- _What the task asks_:
Below are entries with pictures in them. Output exactly the lines starting at the line with "教務連携設定の「メンバー限定" and ending at the line with "Fototapeta premium Empty", both included, but not the pictures.

- _The records_:

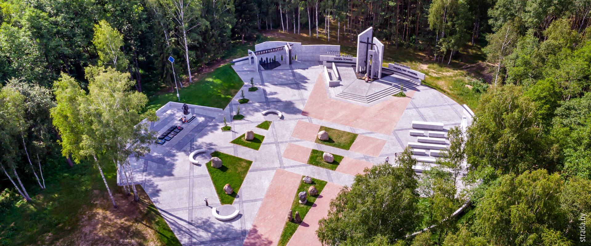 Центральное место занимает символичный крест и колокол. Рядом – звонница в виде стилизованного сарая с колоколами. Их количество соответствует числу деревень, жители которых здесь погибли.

==

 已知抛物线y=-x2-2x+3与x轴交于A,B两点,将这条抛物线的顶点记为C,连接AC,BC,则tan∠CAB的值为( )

---

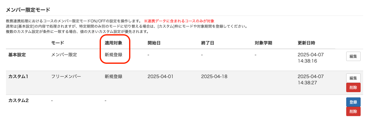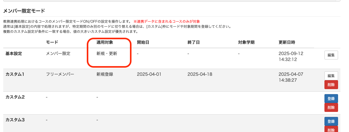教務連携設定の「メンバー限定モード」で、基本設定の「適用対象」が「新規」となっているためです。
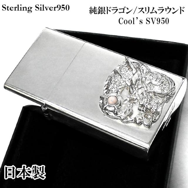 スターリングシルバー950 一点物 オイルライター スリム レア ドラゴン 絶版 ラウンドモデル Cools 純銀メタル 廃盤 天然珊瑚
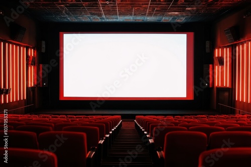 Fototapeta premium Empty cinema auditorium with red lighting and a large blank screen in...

- _Exercise result_:
教務連携設定の「メンバー限定モード」で、基本設定の「適用対象」が「新規」となっているためです。
 スターリングシルバー950 一点物 オイルライター スリム レア ドラゴン 絶版 ラウンドモデル Cools 純銀メタル 廃盤 天然珊瑚
 Fototapeta premium Empty cinema auditorium with red lighting and a large blank screen in...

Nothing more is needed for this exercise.